The full request is:GET .../lang.json?language=en
Click on the link to try it! Enter your TDA username and password when
prompted. (If you don't have a TDA account, go get one, it's free!)
The response looks like:
HTTP/1.1 200 success
Content-type: application/json; encoding=UTF-8
{ "status": 200,
"reason": "success",
"lang": [
{ "id": "en-AU", "name": "English (Australia)" },
{ "id": "en-CA", "name": "English (Canada)" },
{ "id": "en-GB", "name": "English (United Kingdom)" },
{ "id": "en-US", "name": "English (United States)" }
]
}
(Response documents are reformatted for readability.)

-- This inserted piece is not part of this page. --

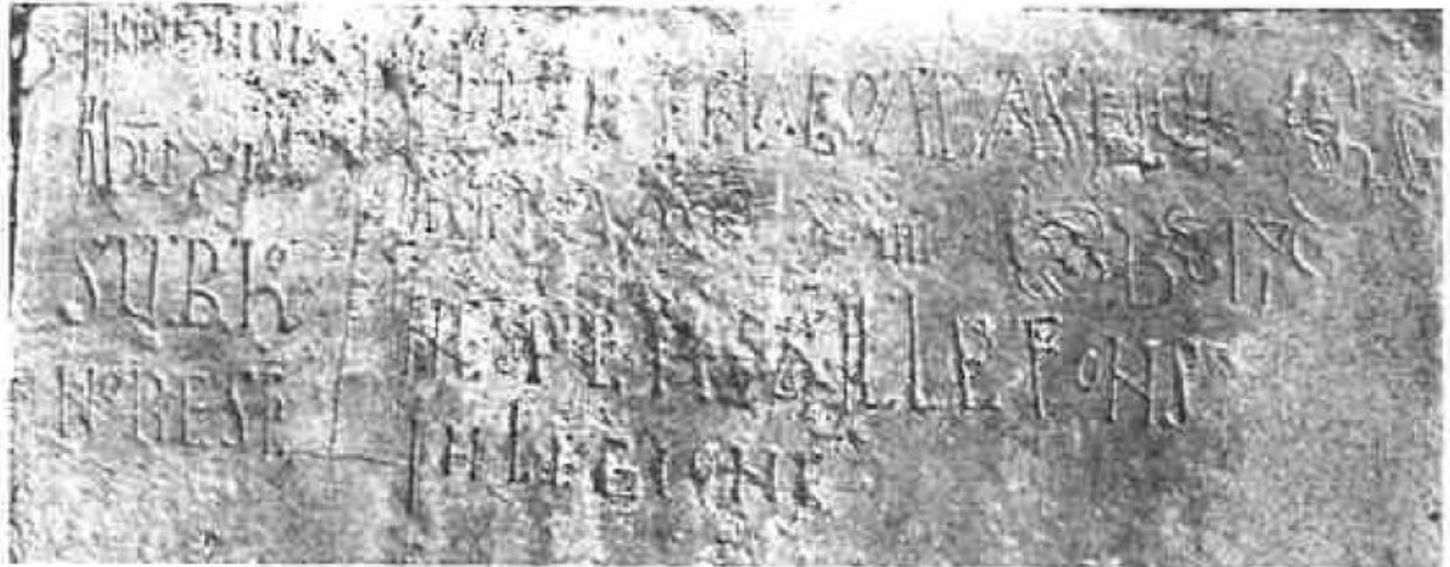
Fig. 4: Consecratio de la iglesia de San Pelayo de Perazancas de Ojeda, Año 1086 (Martín López).

Or, for the response in XML, the request is:GET .../lang.xml?language=en
The response looks like:
HTTP/1.1 200 success
Content-Type: text/xml; charset=UTF-8
<result>
<status>200</status>
<reason>success</reason>
<lang>
<name>English (Australia)</name>
<id>en-AU</id>
</lang>
<lang>
<name>English (Canada)</name>
<id>en-CA</id>
</lang>
<lang>
<name>English (United Kingdom)</name>
<id>en-GB</id>
</lang>
<lang>
<name>English (United States)</name>
<id>en-US</id>
</lang>
</result>
Or, for the response in human-friendly HTML, the request is:GET .../lang.html?language=en
If you want to understand the Service from the ground up, read this document in order. If you want to get a high-level of what you'll need to do, start with the use cases and refer to other sections as needed. Everyone will at some point want to read about access control, app keys, and the terms of use.

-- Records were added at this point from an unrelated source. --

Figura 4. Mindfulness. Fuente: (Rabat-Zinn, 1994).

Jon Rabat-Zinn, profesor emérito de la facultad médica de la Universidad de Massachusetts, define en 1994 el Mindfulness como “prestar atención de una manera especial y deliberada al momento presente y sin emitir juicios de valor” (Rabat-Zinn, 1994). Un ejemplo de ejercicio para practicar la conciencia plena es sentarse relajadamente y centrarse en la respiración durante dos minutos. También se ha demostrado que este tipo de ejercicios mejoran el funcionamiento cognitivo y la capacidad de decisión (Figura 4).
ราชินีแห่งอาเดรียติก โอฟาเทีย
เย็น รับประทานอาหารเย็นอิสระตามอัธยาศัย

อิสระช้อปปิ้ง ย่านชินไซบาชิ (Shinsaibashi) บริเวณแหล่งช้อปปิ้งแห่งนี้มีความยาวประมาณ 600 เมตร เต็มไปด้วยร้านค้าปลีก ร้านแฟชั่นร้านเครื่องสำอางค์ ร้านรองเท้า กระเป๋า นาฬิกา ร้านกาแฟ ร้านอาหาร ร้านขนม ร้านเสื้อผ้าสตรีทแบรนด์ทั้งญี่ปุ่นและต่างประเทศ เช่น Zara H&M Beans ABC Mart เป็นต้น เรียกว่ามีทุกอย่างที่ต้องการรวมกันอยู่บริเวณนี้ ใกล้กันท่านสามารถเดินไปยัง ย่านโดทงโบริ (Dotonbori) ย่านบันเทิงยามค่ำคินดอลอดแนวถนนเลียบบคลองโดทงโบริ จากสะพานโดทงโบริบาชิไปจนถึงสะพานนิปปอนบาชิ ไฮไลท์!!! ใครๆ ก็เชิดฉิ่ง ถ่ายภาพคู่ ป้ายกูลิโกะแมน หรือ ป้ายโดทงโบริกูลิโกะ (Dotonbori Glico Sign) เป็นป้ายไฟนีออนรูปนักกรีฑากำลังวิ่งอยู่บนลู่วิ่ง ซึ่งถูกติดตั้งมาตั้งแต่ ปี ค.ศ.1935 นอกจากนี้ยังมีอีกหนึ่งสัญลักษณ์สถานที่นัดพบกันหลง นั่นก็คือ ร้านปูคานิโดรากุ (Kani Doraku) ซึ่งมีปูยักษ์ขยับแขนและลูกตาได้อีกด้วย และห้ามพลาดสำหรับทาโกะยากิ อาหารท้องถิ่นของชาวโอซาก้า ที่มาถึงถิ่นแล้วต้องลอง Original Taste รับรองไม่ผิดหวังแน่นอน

The remaining sections are:
All requests are made over HTTP (or HTTPS) and follow common REST conventions.
The base URL for the Service is http://www.tausdata.org/api
or https://www.tausdata.org/api. The secure version is
recommended, as passwords and other private data may
be exchanged. If you request access to a development sandbox, you will get a different URL for your
sandbox. Following the base URL is the resource name, as given in
the call documentation. For most calls, you must add an extension
giving the requested response format: .json, .xml, or .html. Resource names and extensions
are case-sensitive.
The Service uses two HTTP methods, GET and POST. GET
is used to access resources without modifying them. POST is used to
create new resources and modify existing ones. The
documented method must be used for every call.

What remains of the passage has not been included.